1907 год. В Америку приехали двое чемпионов-сумоистов, чтобы попасть на приём к президенту Рузвельту, а попали в салун городка Голдвуд на Диком Западе. И сидят там в цветастых халатах, широко расставив колени.

Городок состоит из восьми построек и из-за угла крайней выезжает на лошади Александр Невский. Он одет и выглядит так же, как в последних своих всех фильмах. Кажется, у него просто одежда висит на спинке стула от одного фильма до следующего. Мой герой.

Навстречу Александру выходит шериф и Александр рассказывает ему всю предысторию: он игрок, приехал за деньжатами, зовут его Максим. Шериф говорит, что у них в городке надо сдавать оружие на хранение шерифу. Максим сдаёт револьвер, идёт в салун, там сразу садится за стол к сумоистам и они начинают очень долго и беспредметно разговаривать.

Через десять минут медленных разговоров в салун входит шериф и замечает у джентльменов за соседним столиком оружие.

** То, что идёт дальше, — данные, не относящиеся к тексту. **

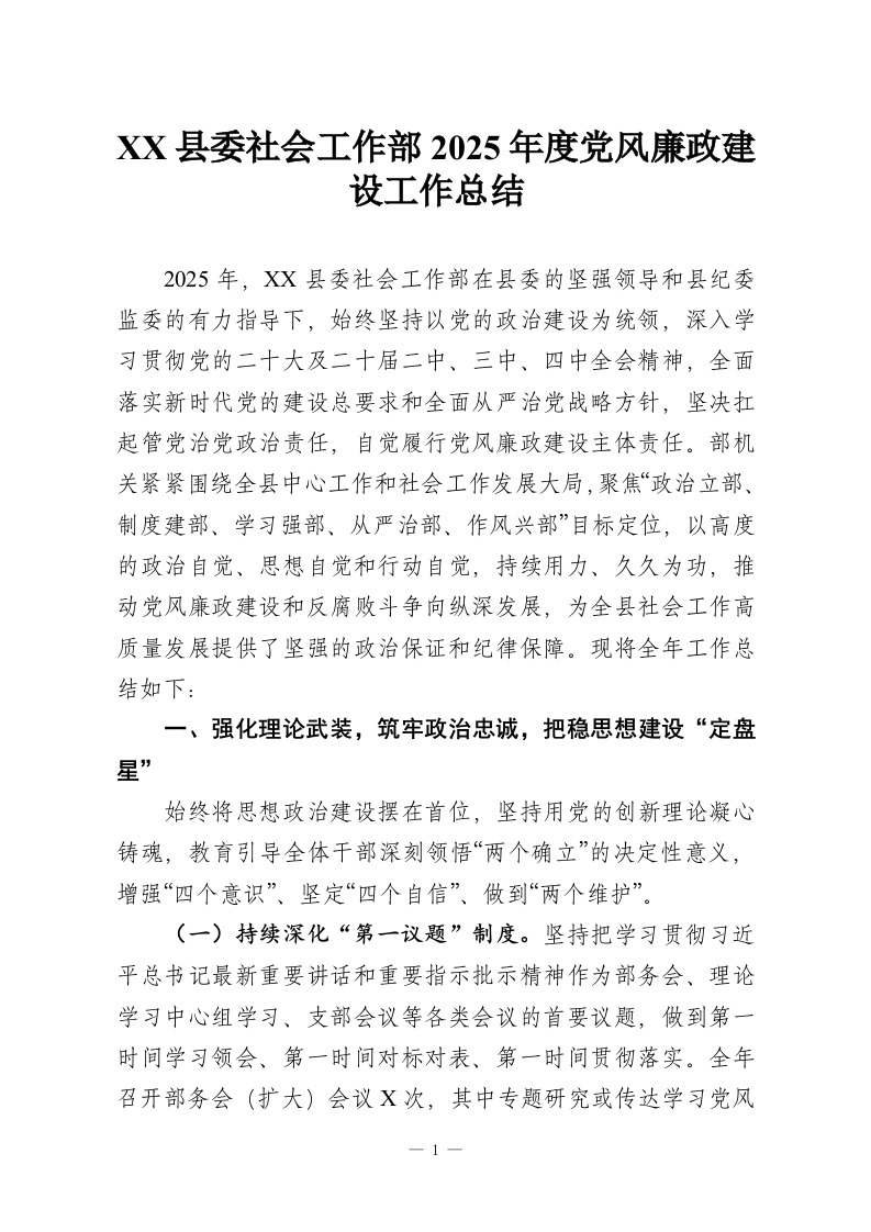 XX县委社会工作部2025年度党风廉政建设工作总结
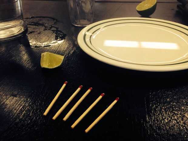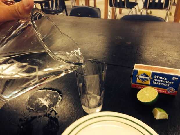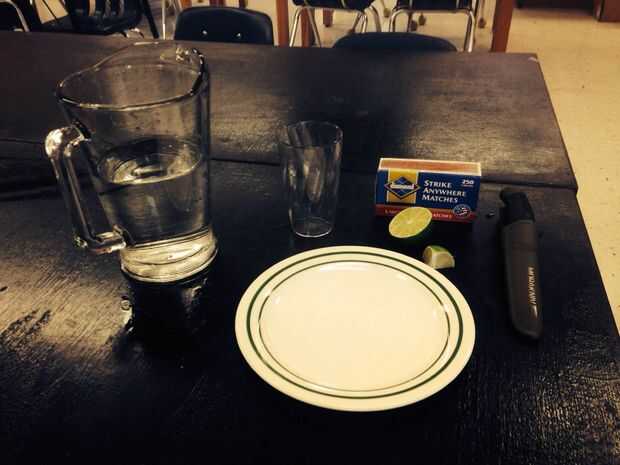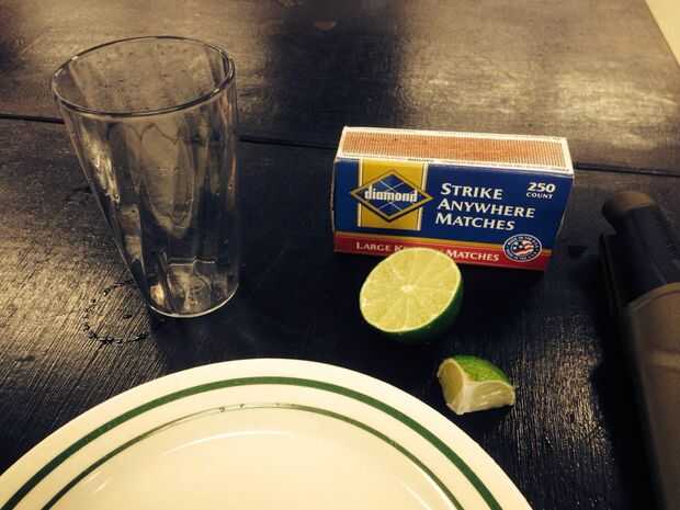 Un plato, un vaso de agua, agua, una cuña de la cal y 5 partidos

И просит сдать оружие. Случается перестрелка. Одного из стрелков убивает шериф. Второго стрелка Александр Невский бьёт бутылкой. Третьего стрелка хватает сумоист и, судя по звуку, пробивает его рукой насквозь. Но камера показывает только лица, поэтому что произошло на самом деле — неясно. Просто звуки чвяканья в салуне.

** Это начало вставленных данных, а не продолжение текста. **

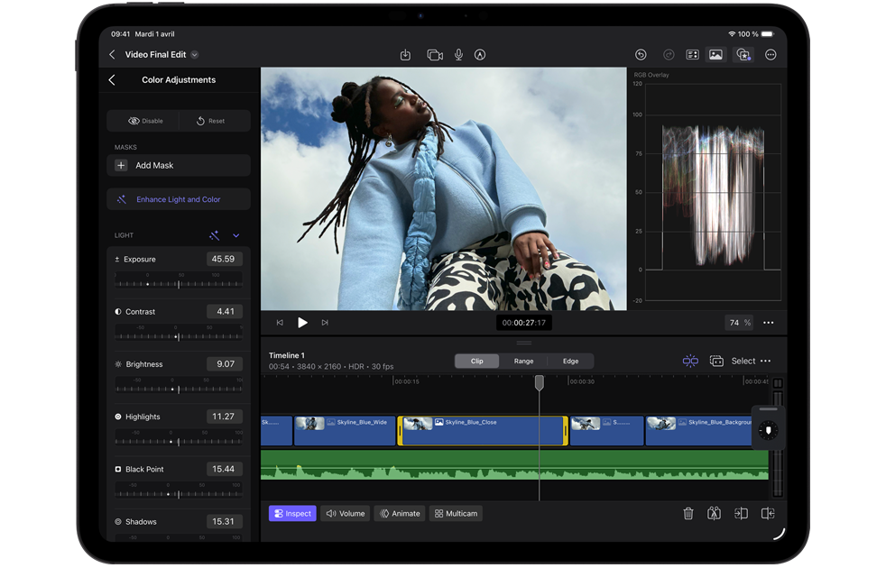 Tournez, montez et partagez vos vidéos depuis un même appa­reil doté d’un système caméra pro avec scanner LiDAR, de micros de qualité studio et de quatre haut‑parleurs. Filmez en ProRes 4K, enregistrez un podcast et choisissez le micro le plus adapté à chaque app grâce au sélecteur d’entrée.
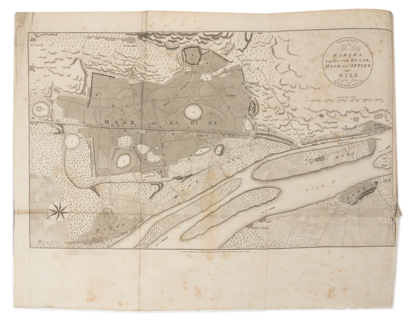 Travels in Africa, Egypt and Syria, from the Year 1792-1798. London: T. Cadell and W. Davies, 1806.4to (267 x 206 mm). 2 Plates, one as the frontispiece, 3 folding maps. (Slight tears to maps, spotting, tape repairs and residue.) Contemporary half calf, marbled boards, spine in 6 compartments, gilt-lettered in second (upper cover and front-facing endpaper detached, spine worn, discreet library label on spine). Second edition, enlarged. "This important work contains the earliest information in English about Darfur (Sudan)... Browne was the first European to describe Darfur, which he reached with a Sudanese caravan in 1793..." (Blackmer 219).
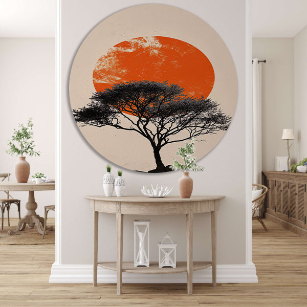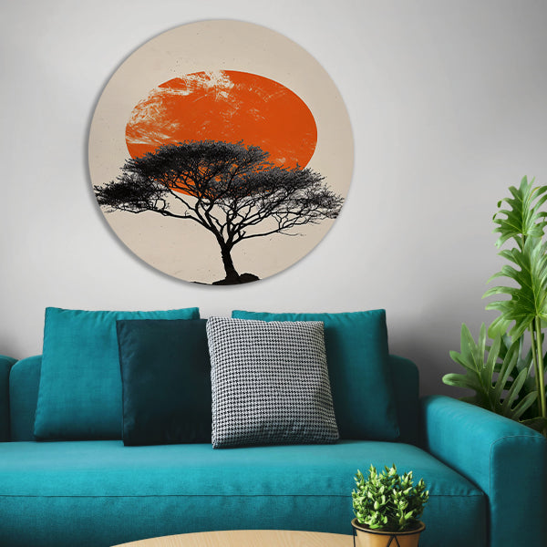 Deze aluminium muurcirkel is niet alleen decoratief, maar ook duurzaam en onderhoudsvriendelijk. Een prachtige toevoeging aan elke ruimte die een vleugje natuur en rust uitstraalt. Bestel vandaag nog jouw boom silhouet tegen oranje zonsondergang achtergrond muurcirkel en geniet van een uniek stukje kunst in huis.

Вскоре выясняется, что один из убитых стрелков — брат главаря банды, и теперь банда едет в городок мстить. Шериф просит Александра, то есть Максима, помочь ему в бою, но Максим сначала двадцать минут отказывается, а потом соглашается за пятьсот американских долларов. Потому что он игрок, а не стрелок.

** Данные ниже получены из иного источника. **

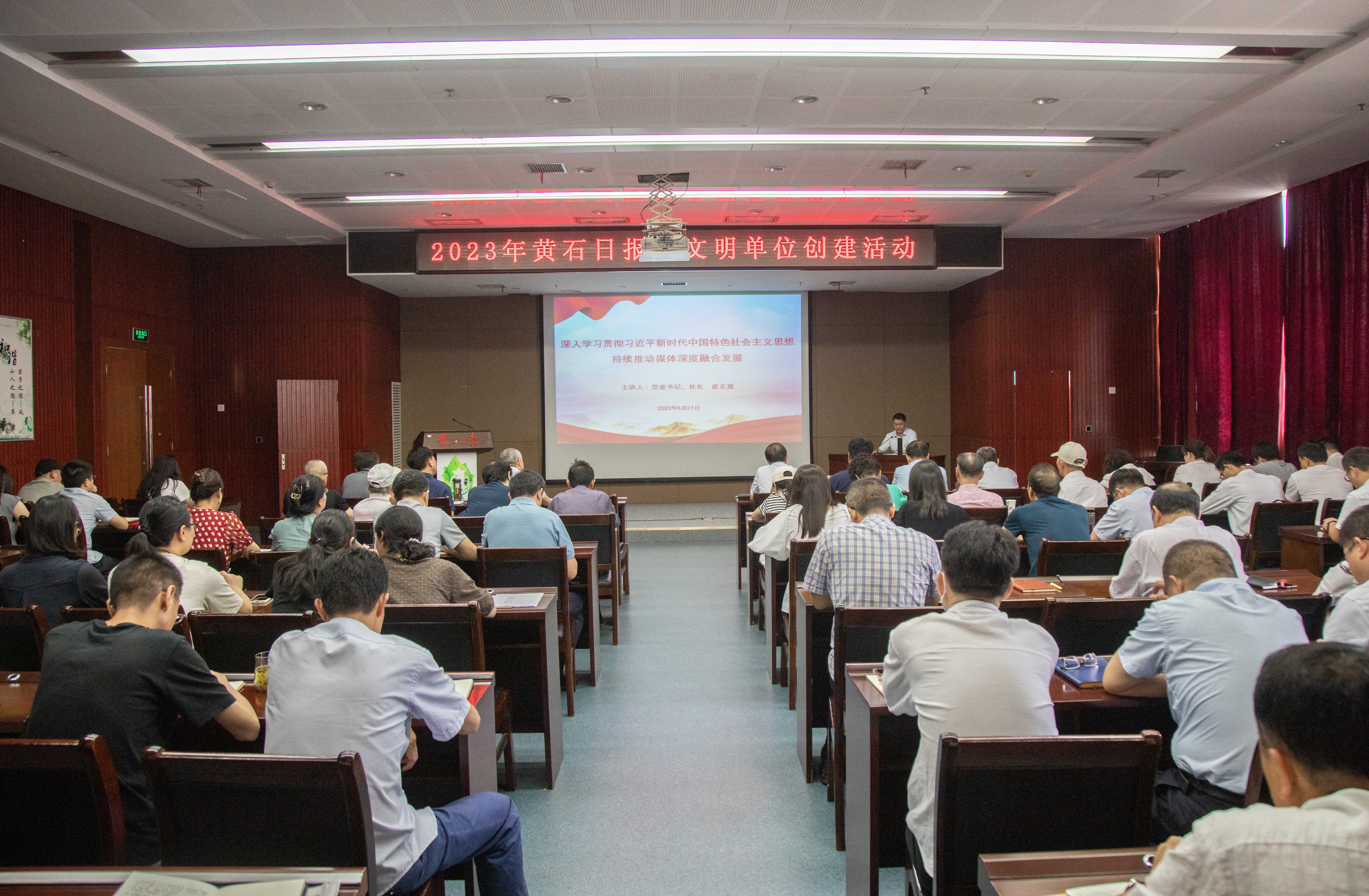 6月21日下午,為進(jìn)一步加強(qiáng)文明單位的創(chuàng)建與管理,黃石日?qǐng)?bào)社在報(bào)社三樓學(xué)習(xí)報(bào)告廳開(kāi)展習(xí)近平新時(shí)代中國(guó)特色社會(huì)主義思想專(zhuān)題學(xué)習(xí)。報(bào)社黨委書(shū)記、社長(zhǎng)皮正茂同志圍繞“深入學(xué)習(xí)貫徹習(xí)近平新時(shí)代中國(guó)特色社會(huì)主義思想,持續(xù)推動(dòng)媒體深度融合發(fā)展”,給大家上了一堂生動(dòng)的黨課,深刻闡述了媒體融合發(fā)展的時(shí)代意義、深入分析了媒體融合發(fā)展的現(xiàn)實(shí)困境,并對(duì)積極推進(jìn)媒體融合發(fā)展提出了建議和要求,對(duì)提升黨員干部能力水平,積極推進(jìn)報(bào)社“第三次創(chuàng)業(yè)”有很強(qiáng)的針對(duì)性和指導(dǎo)性。黃石日?qǐng)?bào)社全體黨員干部參加了學(xué)習(xí)。(記者?周巍?攝)

Пока все ждут, когда приедет банда убивать, жители устраивают посреди городка показательное выступление сумоистов. Сумоисты выходят на ринг в течение восьми минут экранного времени. У них, у сумоистов, судя по всему, есть специальная церемония выхода на ринг, но зритель об этом ничего не знает, поэтому просто вынужден смотреть, как они то заходят в ринг, то выходят из него, то снова заходят, хопают в ладоши, топают, гэкают, натирают руки какой-то дрянью и пробуют ладонью землю.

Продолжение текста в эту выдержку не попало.